August Strindberg

THE LAST ACT

The final act is the most important one in a drama, and a dramatist generally begins his work at the end. We sit out a long evening at the theatre in order to see the last act or `how it will go.’ But in the significant lives of certain men people like to ignore the last act, because it is uncomfortable and might show how the godless fare at last. He who wrote the operetta .Boccaccio had to append the last act to it; the jovial Florentine became a priest and delivered lectures on Dante’s Hell, though he only reached the seventeenth canto. Voltaire’s last hours, when he took the sacrament, might furnish a subject for a tragedy like the second part of Faust. Heine announced his conversion, which took place in 1851, in the preface to the Romancero: `I have returned to God like the prodigal son, after I had fed swine with the Hegelians for a long time.’ This preface should be printed before every collection of Heine’s poems. Hegel singing penitential psalms on his death-bed might form the subject of a fresco painting for the entrance-hall of Berlin University. But the most affecting final act is Oscar Wilde’s description of his prison life in De Profundis. He was the so-called renaissance leader, who disinterred heathenism with its false worship of beauty, which contains the foulest of all. Kierkegaard would have called him the aesthete, the Sybarite cold as cast iron, the egoist round whose petty `I’ the whole world was to revolve in order to understand him alone. Many, led astray like him by the seducing spirits of his youth, remained fairly free from public punishment. Wilde seems to have been picked out to furnish a startling example, for his position, at any rate in his own country, was almost that of an idol.

What he wrote lacks originality; it is whipped-up foam; glazing which, when washed off, leaves no texture; it is as restless as cross-lights, or like a mirror in a public restaurant, in a labyrinthine hall with deceptive lines and false perspectives; it runs out of the hand like albumen or frog-spawn; it is perverse as in Dorian Grey, the hero of which should have lost his youth by nightly excesses, while on the contrary it is only his portrait which changes.

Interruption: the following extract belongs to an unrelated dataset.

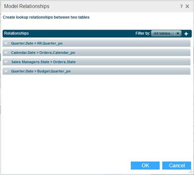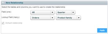 When importing a relational data source (SQL, Oracle), Necto can identify the relationships between tables and create them automatically. For other types of data sources (e.g. Excel) or when there are two types of data sources where one of them is not relational, lookup relationships between tables must be created manually via the Relationship option.

The last act was played, and that outdid all horror, was so horrible that Wilde himself could not describe its details, which, however, oral tradition has preserved in a Swedenborgian legend.

De Profundis arouses pity and fear, and one would gladly acquit the man who was perhaps the victim of his delusion; a worldly tribunal would not have judged him if he had not himself appealed to it, and that indeed for a wrong done him. It was what our renaissance-critic called a `piece of stupidity’ when he made Wilde out to be a martyr of `hypocrisy,’ as he called justice. Wilde however seems to have taken another view of the matter to his impartial defender: `A day in prison on which one does not weep is a day on which one’s heart is hard, not a day on which one’s heart is happy. Once I had put into motion the forces of society, society turned on me and said: “Have you been living all this time in defiance of my laws, and do you now appeal to those laws for protection? You shall have those laws exercised to the full.” A man’s very highest moment, I have no doubt at all, is when he kneels in the dust and beats his breast and tells us all the sins of his life.’

The `joy of life’ whose perfume he had inhaled at Oxford through Pater’s Renaissance now began to grow sour.

`Clergymen and people who use phrases without wisdom sometimes talk of suffering as a mystery. It is really a revelation.

`Behind joy and laughter there may be a temperament coarse, hard, and callous. Pain, unlike pleasure, wears no mask. There are times when sorrow seems to me to be the only truth. The secret of life is suffering.’

Let us add that Wilde derived his most dangerous doctrine from Baudelaire and Shakespeare’s sonnets. And let us close with the new view of the Renaissance which he attained to in prison: `To me one of the things in history the most to be regretted is that the Christ’s own renaissance, which has produced the Cathedral at Chartres, the Arthurian cycle of legends, the life of St. Francis of Assisi, the art of Giotto, and Dante’s Divine Comedy, was not allowed to develop on its own lines, but was interrupted and spoiled by the dreary classical Renaissance.’